Сидевший за деревянным столом Джек Харроу, мужчина шестидесяти трёх лет, но крепкого телосложения молодого и здорового человека, поднял на гостя глаза, отрываясь от каких-то потрёпанных бумаг. Несмотря на генеральские погоны на плечах, его кабинет не выделялся особым убранством. Всё было по-военному просто: потёртый, стилизованный под красное дерево, стол; два одинаковых стула, возможно, из одного со столом набора; небольшой сейф, стоящий прямо на полу в углу, то ли для сверхсекретных документов, то ли для крепкого алкоголя; пара книжных шкафов и полок, забитых бумагами и разными цифровыми носителями; синее кресло в углу, совершенно неподходящее по цветовой гамме остальному убранству. Разве что освещение здесь было лучше, чем в коридоре, да и в большинстве мест оккупированной "Агхартой" станции.

– Разрешаю.

– Сэр, срочная депеша, – всё так же взахлёб продолжил молодой боец. – Халик мёртв. Как и почти все наши люди, отправившиеся с ним в Санкт-Петербург. Остались трое, но ORF взяли их.

Все последние сутки Джек провёл в раздумьях, как ему реагировать на эту новость. Было очевидно, что она совсем скоро придёт, вот уже прямо сейчас, с минуты на минуту… Вроде бы он и отложил в сторонку парочку неплохих заготовок, но все они бесследно улетучились, стоило ему лично это услышать.

– Генерал, – извиняющимся тоном напомнил о себе стоящий по стойке смирно парень. – Будут какие-либо приказы?

– А какие приказы тебе нужны!? – резко ответил Джек, чудом сдержавшись, чтобы не запустить в подчинённого охапкой листков со стола.

– Я… Я… Сэр… Простите…

– Нет, – генерал выдул весь воздух из лёгких через нос, медленно положил руки на стол ладонями вниз, – ты прости. Ты здесь не при чём. Это моя вина. Я отпустил их. Если и есть, на кого за это орать, то для этого мне придётся подойти к зеркалу.

Предстоит много чего сделать. И дела эти будут очень тяжёлыми.

Предстоит много разговоров. И разговоры эти будут ещё тяжелее.

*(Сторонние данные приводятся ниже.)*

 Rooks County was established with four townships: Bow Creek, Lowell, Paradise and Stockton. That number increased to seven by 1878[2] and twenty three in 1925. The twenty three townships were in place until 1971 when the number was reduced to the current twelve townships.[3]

– Генерал? – спустя минуту (или больше, чёрт знает) молчания, не вытерпел молодой агхартовец, за свой ум и смекалку заслуживший честь стать помощником генерала. Или, скорее, его посыльным. – Не хочу слишком много на себя брать, но, возможно, стоит послать отряд, который… подчистит концы?

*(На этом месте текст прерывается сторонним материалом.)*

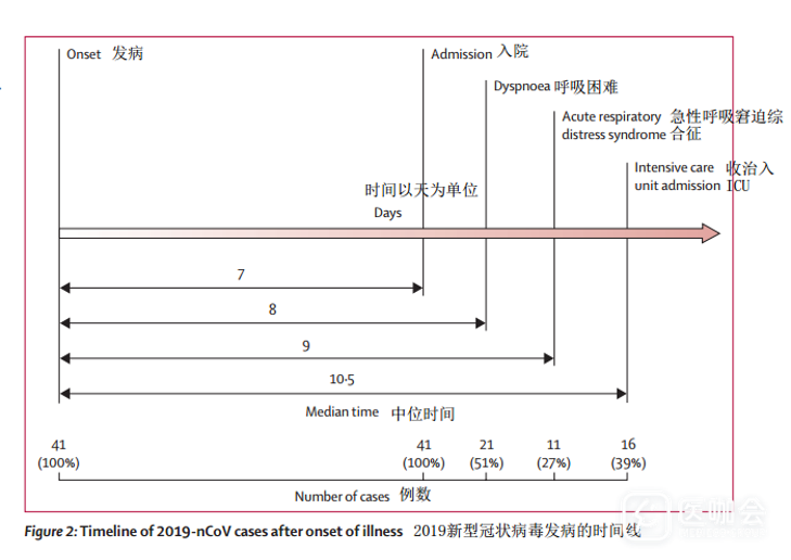 下图2展示了新型冠状病毒病人发病的时间线,从发病、入院、一些重要症状的发生、到收治于ICU的中位天数。

– Не хочешь, но берёшь. Ступай, займись.... составлением отчёта о том, как идёт перепланировка станции для наших скорых нужд.

Джек встал, угрюмо уставившись на сейф в углу. Всё же, там были отнюдь не документы, и он, как никто другой, знал это.

– И не переживай: о выживших, сознательно нарушивших мой приказ, есть, кому позаботиться.


Санкт-Петербург, Россия

14.06.2054 г., 01:23


Это был воистину преотвратительный день. Тот самый, вспоминая который, спустя много лет, сидя на кресле-качалке, в окружении внуков, прикрыв ноющие колени шерстяным пледом, Вы с большим трудом подбираете подходящий эпитет, чтобы описать его максимально достоверно. Гнусный. Мерзкий. Ужасный. Дерьмовый. Внучата захихикают, услышав последнее слово, Вы снисходительно улыбнётесь в ответ, зная, что следующий эпитет должен был начинаться на букву "х". Хорошо, что Вы вовремя остановились, предпочтя отхлебнуть горячее какао, утопив в нём столь неподходящее для детских ушей выражение.

Виктория закрыла бумажную папку. Всё, хватит с неё на сегодня – и с Виктории, и с папки. Была надежда на контрастный душ: раньше он всегда помогал снять усталость и собраться с роящимися мыслями, но в этот раз ледяной поток, последовавший за почти кипяточным, вызвал лишь раздражение. Есть совсем не хотелось, несмотря на буквально физически ощутимую внутреннюю пустоту. Жаль, экзистенциальный голод не удовлетворить замороженной пиццей с подозрительного вида салями.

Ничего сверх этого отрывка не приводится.